Mom and family programs waver when parents may need them most as WECHU pivots amid pandemic
CBC
Limited resources during the pandemic have forced the Windsor-Essex County Health Unit to offer less supports for new moms and families over the past two years.
Redeploying staff to fight off COVID-19, whether it be for case and contact management or mass vaccination clinics, has meant pulling resources from other programs the Windsor-Essex County Health Unit (WECHU) offers. And according to WECHU CEO Nicole Dupuis, one area that has gone through significant "ebbs and flows" has been the Healthy Families Unit.
According to the health unit's website, the department offers the Healthy Babies Healthy Children and Reproductive and Early Child Health programs, which support women during the pre-natal stages and as their child grows.
They also have a Child Health team that offers services including breastfeeding support, developmental and nutritional screening clinics and parenting workshops.
Before COVID-19, the unit had 40 staff members, Dupuis told CBC News in an interview.

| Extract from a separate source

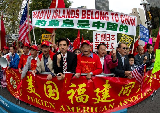 “釣魚島是中國的!”、“日本人滾出釣魚島!“、“堅決保衛釣魚島!”26日上午,美國紐約近千名華人華僑聚集在紐約聯合國總部大樓外,大聲抗議日本首相野田佳彥在聯合國發表演講。

But at one point during the pandemic, she said it dropped to as low as four staff members as nurses were pulled to fill other duties.
"Anecdotally, we certainly know the parents we are connecting with and able to talk to are dealing with ... bigger concerns certainly and a lot more vulnerability than they were prior to the pandemic," she said.

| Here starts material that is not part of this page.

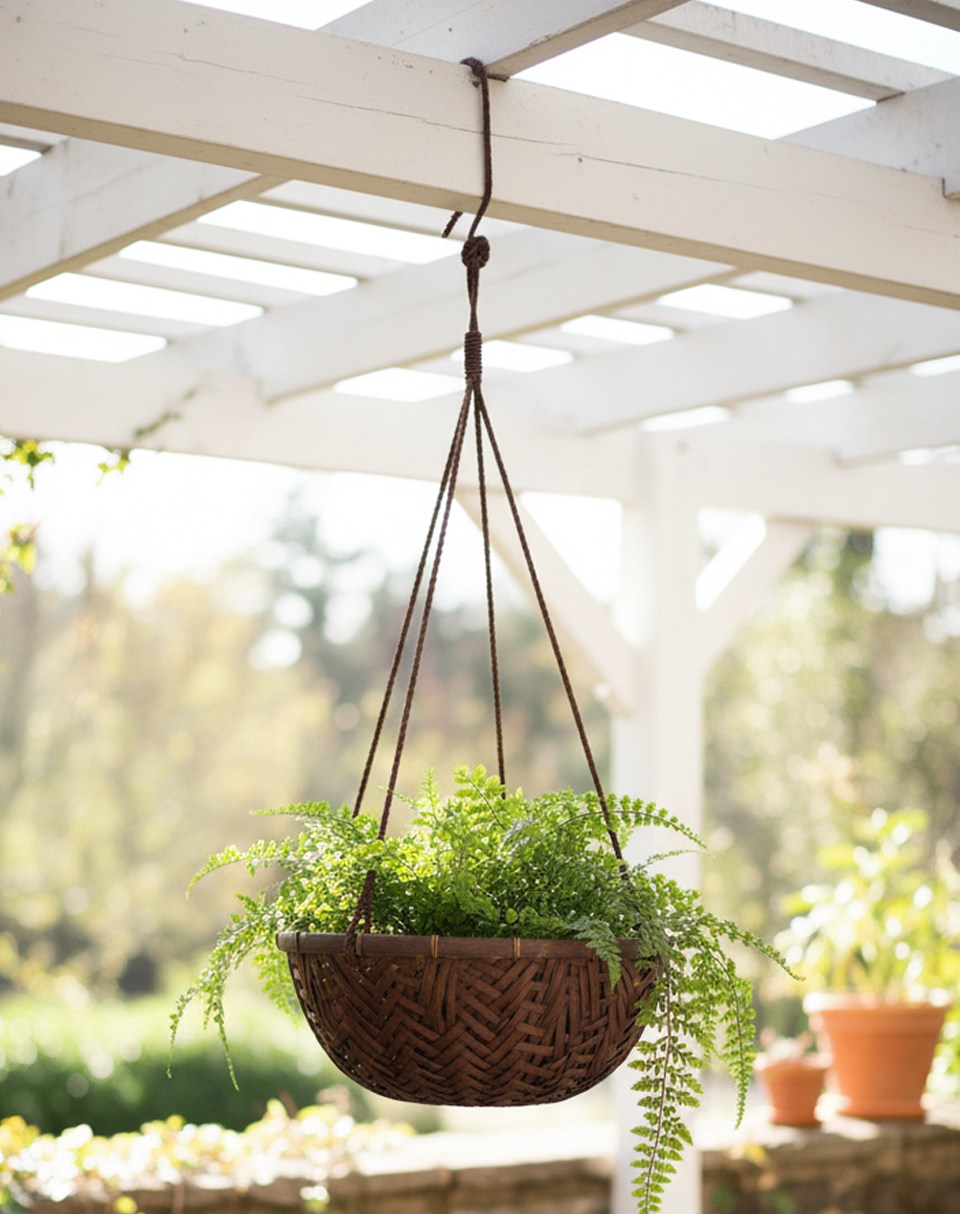 Cesta/macetero colgante de bambú y cuerda cantidad

"[Staff in the unit were] trying to just really answer calls from parents and new mothers, certainly expecting parents ... and try to navigate them to the right information."
Dupuis said they've slowly been trying to build back the unit's capacity.
With it's breastfeeding programs, Dupuis said they preserved what they could, but still the health unit went from having three lactation consultants to one. Despite seeing breastfeeding as a "really important need" in the community, Dupuis said they aren't delivering that service in the "scope that we once did."
She added that outreach and education were really scaled back and breastfeeding clinics haven't been taking place.
When pandemic measures eased, Dupuis said they did schedule one-on-one consultations with moms.
Dupuis said they won't truly know the impact the loss of these services has had until the pandemic is under control, but new mom Meetty Abraham experienced it firsthand.
Abraham became a first-time mom days before the pandemic hit in March 2020. As a recent immigrant, Abraham said she doesn't have any family nearby and knew she would need support.